This play features a young 8 year old who comes to town to race in the inter-school swimming races. Upon seeing the large Olympic size pool, coupled with the large crowd causes him to feel very anxious to the point of feeling sick. His whānau are there cheering him on.

Features to consider from the text:



  • Photographs
  • Reputation of key phrases for teaching freestyle


  • Words and ideas that some students may find challenging, rika, taki tūpapa, whātoro whāroa, ringa hema (left hand), ringa katau (right hand)

Language features

  • kīwaha; hei aha atu hoki… Kei te tino rika mātau
  • puta mai ana ōna karu me te ruru o tōna māhunga,
  • simple phrases for teaching freestyle whātoro, whakakapu, pana, whanawhana

Introducing students to the text

  • Read rotarota kauhoe.
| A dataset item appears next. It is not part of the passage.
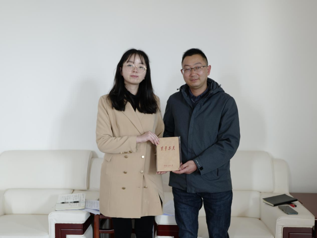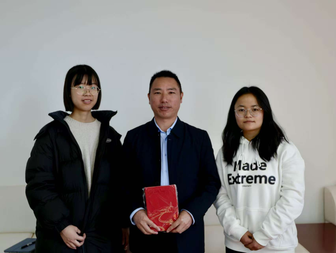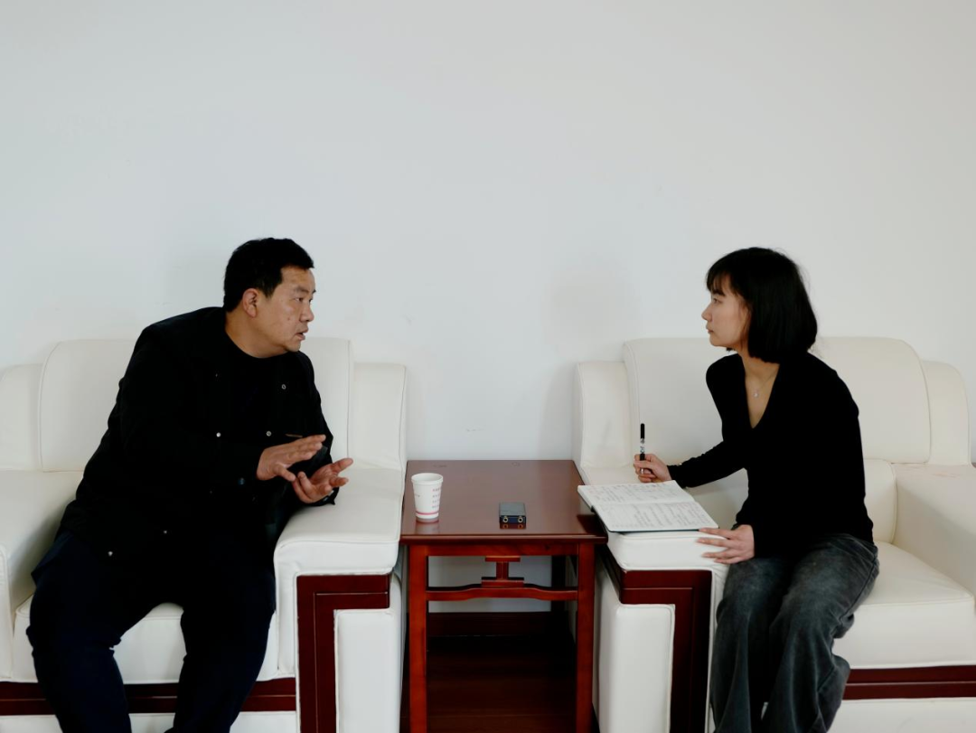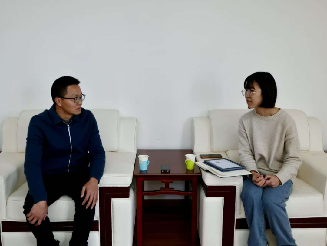 ▲太阳成集团tyc硕士生王甜甜与昭通公司新闻学专业本科生邹竺访谈驻村第一书记马应富

This rotarota may be used as a warm up activity before students go swimming. Children in groups make up actions for each of the verses.
  • Discuss with students swimming lessons.
  • Introduce the terms and words introduced in this text. Kau tāwhai, whātoro, whakakapu, pana, whanawhana. Say the words whilst showing what the appropriate actions are. These words should be prepared before the reading session. Either on cards or written on the wordboard.

During the reading

  • Encourage students to identify phrases and words that they are not familiar with. Before reading you should identify what these may be, and prepare brief explanations, (see language features).
  • Ask students to recall a similar situation whereby they just wanted to jump in without instructions and discuss the consequences of such actions.
  • Students may read the text independently or in pairs.
  • Ask students to look out for the phrases that describe the action of swimming.
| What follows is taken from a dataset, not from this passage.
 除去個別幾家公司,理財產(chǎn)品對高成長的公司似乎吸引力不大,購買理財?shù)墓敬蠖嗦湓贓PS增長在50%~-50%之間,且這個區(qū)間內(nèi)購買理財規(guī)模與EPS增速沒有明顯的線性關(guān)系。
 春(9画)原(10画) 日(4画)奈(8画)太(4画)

After the reading: Responding to the text

Possible focuses for discussion

  • Discuss need for knowing how to swim.
  • Pool rules, why is there a need for them, what rules presently exist at your local pool and how reasonable are they.
  • Discuss other swimming strokes.

Suggested activities

Ngā pūkenga

Learning outcomes

Learning experiences

  Students will be able to: Students could:
Ko te whakakotahi i te reo ataata me te reo ā-waha (p.103) read aloud informally with fluency and expression students prepare to perform this play for an audience
Ko te tuhi i ngā tuhinga whakaahua poto e pā ana ki ōna wheako whaiaro (p.85) write dialogue between persons, expressing ideas write a play about an incident where you have felt very anxious
Ko te āhuatanga o te whakaaro reo ataata (p.95) present ideas using simple layout. design a backdrop for the play.

Cross curricular links

Language: Written language.
Health and physical education: Swimming and safety in the water.